Since 1996, the healthcare sector has shifted away from paper records and data in favor of electronic equivalents. With worries about hackers or the security of cloud-based storage, what does the healthcare sector need to be careful about in terms of not only securing patient data, but also being HIPAA compliant?

Several critical points to bear in mind include the following:

  • Keep offsite backups of electronic PHI. This one should be self-evident for anybody keeping data outside of the office, but is especially critical when it comes to patient information. Additionally, HIPAA mandates that backup copies of electronic PHI be maintained in a different location from the original. Not to add that electronic backups of PHI must be encrypted to comply with HIPAA’s recommended security requirements.
  • Create a backup of all patient records. All HIPAA-covered entities are expected to have processes in place for retrieving and creating accurate copies of electronic PHI.
  • Recognize crucial definitions. The HIPAA contains several words and phrases with defined meanings. It’s always prudent to ensure that you comprehend these terms and phrases and properly study the act to ensure compliance. For instance, the term “protected health information” relates to the use and disclosure of an individual’s health records.
  • Ascertain that your backup supplier adheres to HIPAA regulations. You want a backup provider who will assist you in complying with HIPAA by implementing the necessary physical, technological, and administrative protections to maintain the integrity and availability of your electronic PHI.
  • Contract with your backup provider as a “Business Associate.” Anyone who generates, receives, or retains protected health information on behalf of a covered organization is required to sign a Business Associate Agreement. Because your backup provider will receive and keep your PHI, they will be deemed a “Business Associate” and will be required to sign a Business Associate Agreement. Before committing, confirm that this is an option with your backup provider.
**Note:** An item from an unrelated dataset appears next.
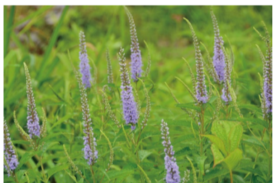
ヤマルリトラノオ (F)

 In 2009, Congress approved the Health Information Technology for Economic and Clinical Health (HITECH) Act, which strengthens HIPAA enforcement by increasing the fines levied on healthcare companies that violate the Privacy and Security standards. This HITECH Act was enacted in response to the growing production, usage, storage, and transmission of electronic health information.
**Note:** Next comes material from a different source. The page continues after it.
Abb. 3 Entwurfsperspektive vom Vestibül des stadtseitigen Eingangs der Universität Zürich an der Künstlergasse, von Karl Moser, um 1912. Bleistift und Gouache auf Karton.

As society increasingly relies on electronic devices and the cloud for everything, there is a growing drive to keep records and data in the cloud and to provide remote access to patient data through a wireless device. Your physician may save your records on a computer at the office. Your eye doctor may enter your information or make an appointment using a tablet. Having your information readily available to them can save time, as long as they exercise caution and maintain HIPAA compliance.